Executive Director Paula Ettelbrick, who's written to the U.S. State Department about the situation, issued
a statement saying, "We believe it
is the responsibility and obligation of the United States, considering its present involvement in Iraq, to protect
and support the most vulnerable and marginalized populations being targeted for this violence... We expect that
the U.S. State Department will condemn these acts as it recently has condemned homophobic acts in Nigeria and the
United Arab Emirates," she says, because "... leaders who condemn such
brutality have the power to stop it."
South Africa's Cape Argus newspaper reported this week on the execution-style murders of two well-known gay men
-- 28-year old Brett
Goldin, who starred in the MTV comedy Crazy Monkey, and 27-year-old Richard Bloom, a designer for the Cape Town-based
men's label Maze Clothing.
The 2 men were reportedly found naked except for their socks with single gunshots to the head.
While it's not yet clear if homophobia played a role in their killings, Glen de Swardt of the Triangle Project
said the Cape Town queer community has been traumatized by the brutal murders, which for some have evoked memories
of the similar execution-style Sizzlers massacre of 9 gay men in 2003.
Police probing the vicious assault on two CBS-TV network news producers visiting the Caribbean island of St.
Maarten earlier this month have taken a suspect into custody. Americans Dick Jefferson and Ryan Smith were attacked
outside a bar by several men shouting anti-gay slurs who viciously beat them with tire irons. Jefferson was hospitalized
with head and back injuries but has since returned to work, while Smith is still hospitalized with possible brain
trauma and is being treated for aphasia, a disorder which makes speaking difficult.
St. Maarten Chief Prosecutor Taco Stein told reporters this week that 2 men had been picked up by police - one
who has since been released, and another who is still in custody. "This guy is talking," Stein told
reporters, "and according to the information he's giving us, we expect to arrest at least 3 other men."
He has thus far refused to say anything more about the suspect, however, or to provide further details of the investigation.

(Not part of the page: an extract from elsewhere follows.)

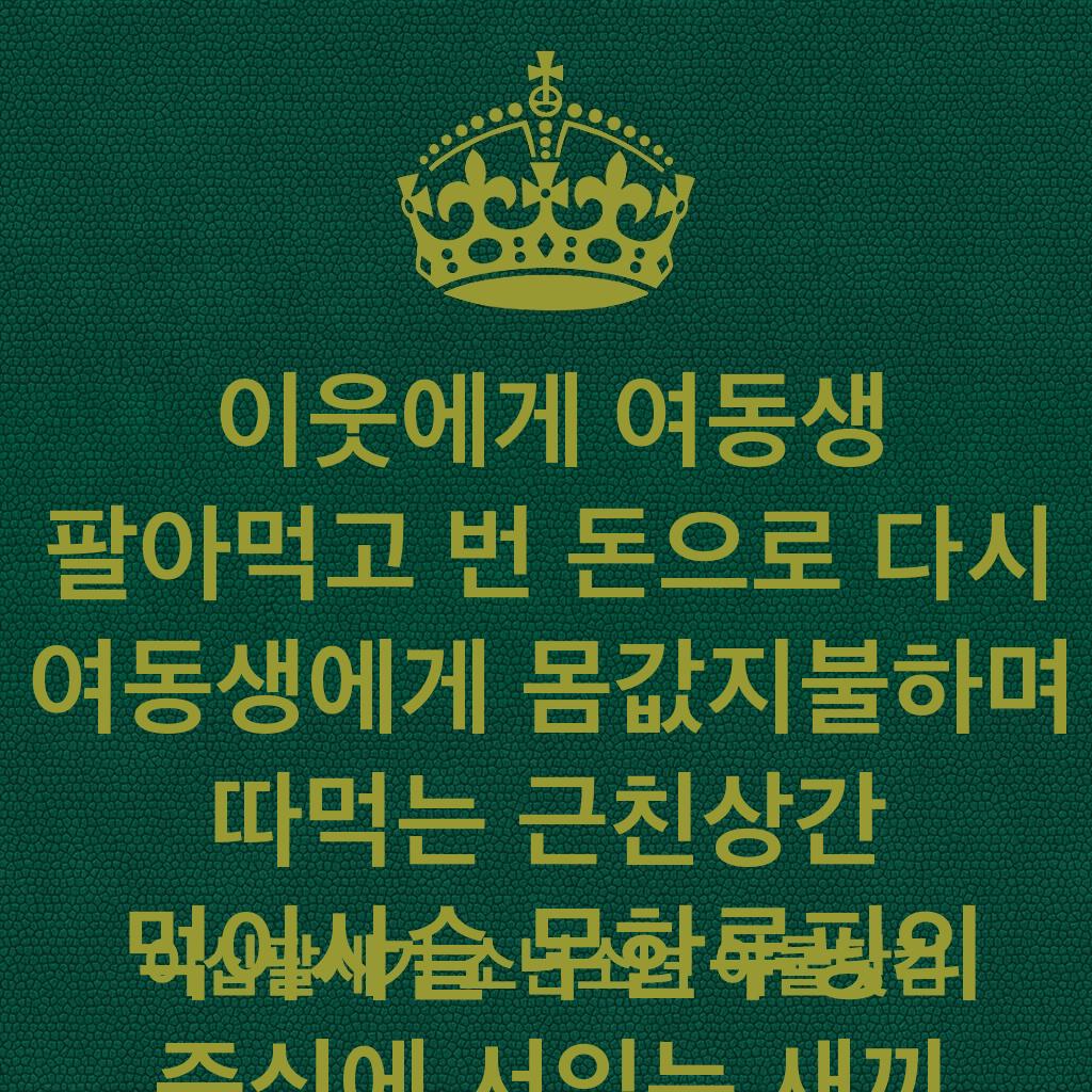 이웃에게 여동생 팔아먹고 번 돈으로 다시 여동생에게 몸값지불하며 따먹는 근친상간 먹이사슬 무한루핑의 중심에 서있는 새끼

"One witness does not make a case," Jefferson told CBSNews.com this week.
"There are many people who saw this happen," he said, adding that at least 25 people watched the attack
but did nothing to intervene.
It began in the early morning hours of April 6th when Jefferson and Smith were standing outside a bar with several
friends. Shortly after Smith
got a hug from a friend while comforting him over the recent death of a relative, Jefferson said, "A white
car came screaming out of nowhere and attempted to run us down. One came towards me with a tire wrench [and] the
next thing I know, I'm waiting for the ambulance."

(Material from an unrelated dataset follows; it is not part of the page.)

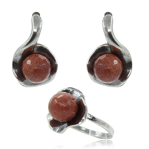 Комплект из коричневого граненого авантюрина в изящно изогнутой оправе. Размер кольца 20.

And finally, also expressing concern about ongoing violence against LGBT people in the Caribbean -- and in Latin
America -- is Dr. Mirta
Roses, Director of the Pan American Health Organization. Recounting last year's anti-gay murders in Jamaica of
that nation's leading AIDS activist Steve Harvey and of Octavio AcuOa Rubio, a psychologist and well-known human
rights and gay activist in Queretaro, Mexico, Dr. Roses also cited a recent NGO report issued by the government
of Brazil documenting the murders of 2,092 gay men and lesbians in that country between 1963 and 2001.

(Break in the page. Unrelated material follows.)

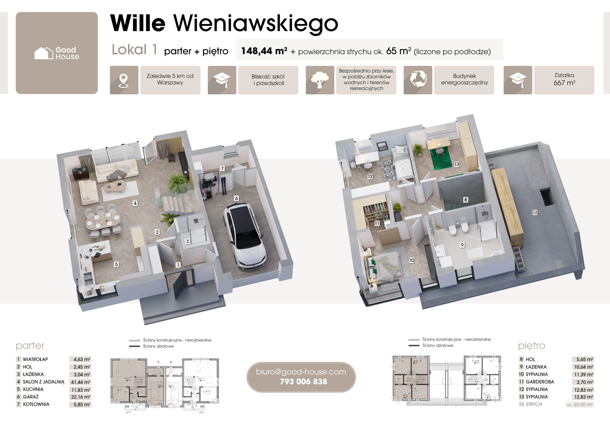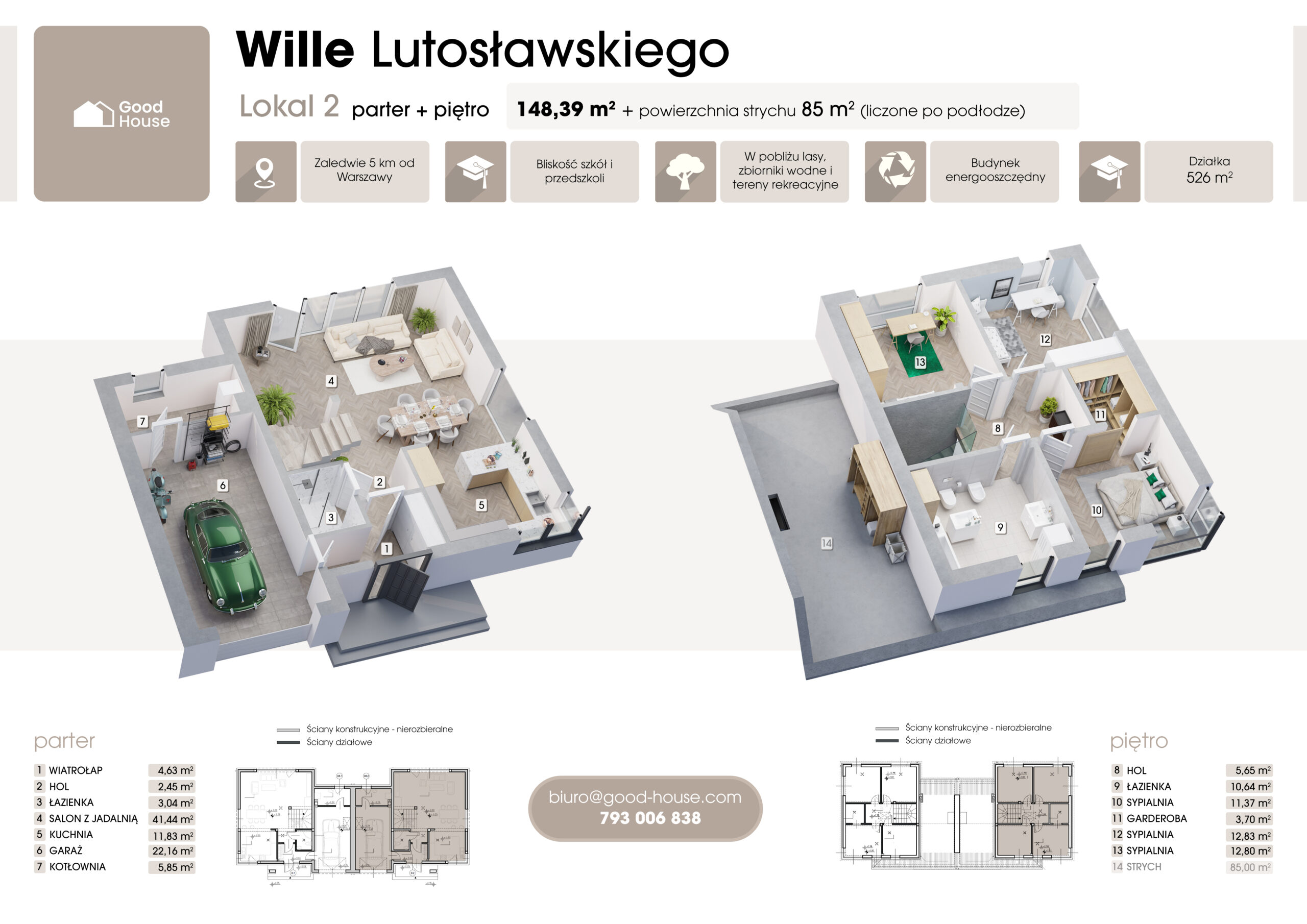 - Połączenie lokali garażami i podwójną ścianą zapewnia ogromny komfort i prywatność.

"Why should the Pan American Health Organization care about these crimes?" she rhetorically asked
in a statement released this week.
Because "hatred against homosexual men is not only a threat to human rights (the right to the sexual orientation
of ones choice), but to life
itself," she wrote. "We know that homophobia contributes to the spread of HIV. Fear of being stigmatized
often prevents homosexual men from
seeking HIV testing, counseling, and treatment... This situation was precisely what [those] murdered activists
were trying to change."
"There is, however, some good news," she continued. "The governments of Brazil, Mexico, and
Colombia recently launched mass media campaigns against homophobia. In Argentina and ChilE, this theme has been
featured in poster campaigns and on television. The messages were well received," Dr. Roses concluded, "suggesting
that Latin machismo may now be more a stereotype than an irreversible mindset."